From @nilgoyette Doodle, it seems that Ariel is also unable to attend next week. I know that @gabknight is also attending Miccai, so if we want him to attend he will be similarly constrained. Would it be possible to move the meeting to the following week?

jchoude avatar Sep 07 '17 19:09 jchoude

👍 that would work better for me!

arokem avatar Sep 07 '17 20:09 arokem

ok for me too. I just updated the doodle and I will forward you the link @jchoude

if anyone else wants to be at that tracking meeting. Send me an e-mail.

ps: we can still have a quick meeting on multiprocessing this wednesday @nilgoyette. What do you think @Garyfallidis ?

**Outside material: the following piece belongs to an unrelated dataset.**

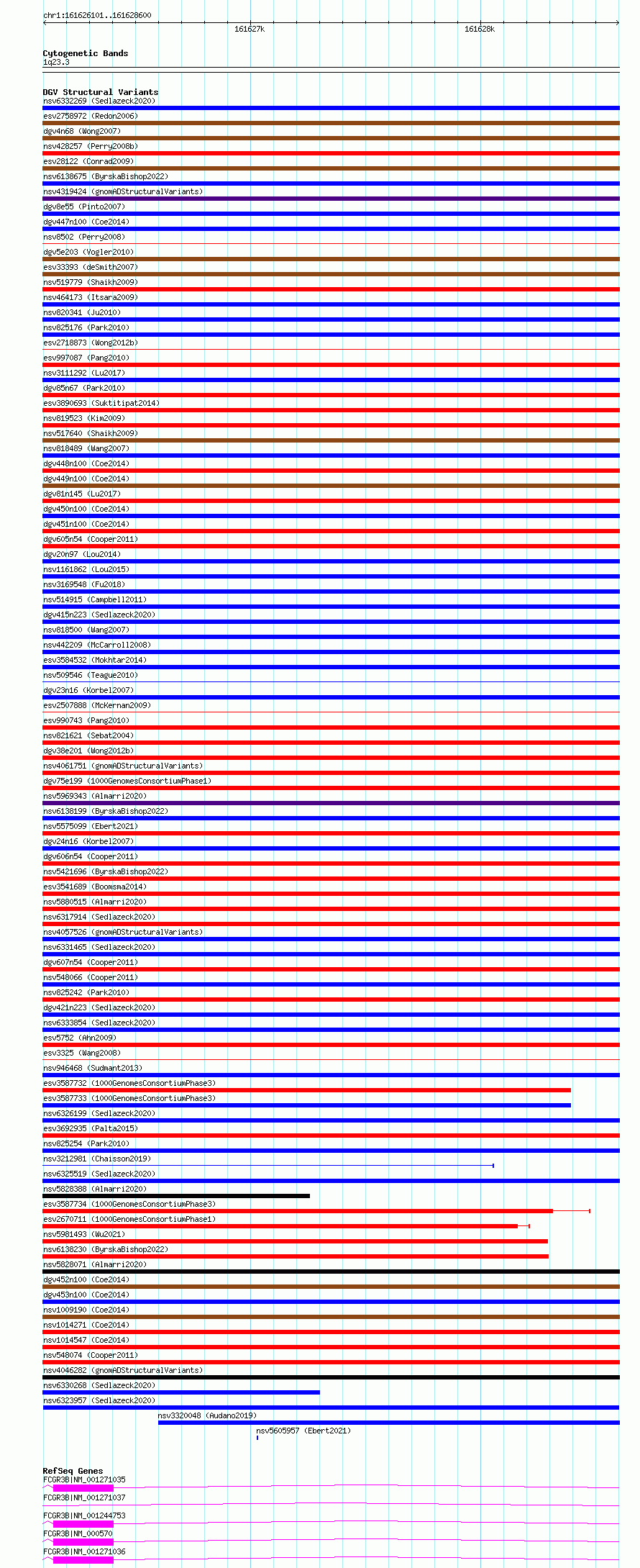 Variant DetailsVariant: nsv6323957| Internal ID | 20857080 | | Landmark | | | Location Information | | | Cytoband | 1q23.3 | | Allele length | | Assembly | Allele length | | hg38 | 2500 | | hg19 | 2500 |

skoudoro avatar Sep 07 '17 20:09 skoudoro

Changing probabilistic_direction_getter.py was more complex, and maybe less useful, than I thought at first, There are static member, class methods, we can't cdef the sphere and it's mostly numpy call.

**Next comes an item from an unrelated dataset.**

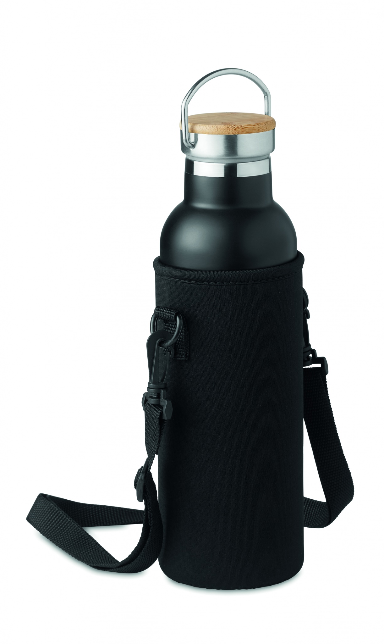 Doppelwandige Isolierflasche aus Edelstahl. Auslaufsicherer Schraubverschluss und separater auswechselbarer Deckel mit Mundstück. Inkl. Tragetasche aus Neopren. Füllmenge: 700 ml.

I'm gonna leave it the way it is because doing it well would require more time than I can give. I do believe it's worth it though; these functions are called really frequently in a deep loop and they are in pure python.

nilgoyette avatar Sep 08 '17 15:09 nilgoyette

I wasn't able to obtain an interesting speedup on @gabknight pft code with the standard means (adding types, less calls, pointers?, etc.) I was about to give up but I tested my theory more...

I just wanted to do a quick test so I copied SHCoeffPmfGen::get_pmf and ProbabilisticDirectionGetter::get_direction in the pyx file and cythonized it. I now have a ~2x speedup. So, there's indeed something to be done.

I know I said that I was giving up in my last message but I'm more motivated now ;) Before doing anything on parallelism or pft, I'll try to submit a patch with a faster version of the DirectionGetters. I'll probably write only get_pmf and get_direction for the time being and let you cythonize what you need.

nilgoyette avatar Sep 21 '17 13:09 nilgoyette

tagging this PR #3089 which is fixing this issue.

We use cython, openmp, few seeds per thread. We are simplifying the tracking framework.

We see already huge improvement of performance. @gabknight will share some performance graph later.

Feel free to try it and give feedback.

We plan to merge this PR for the release on June.

skoudoro avatar Mar 06 '24 19:03 skoudoro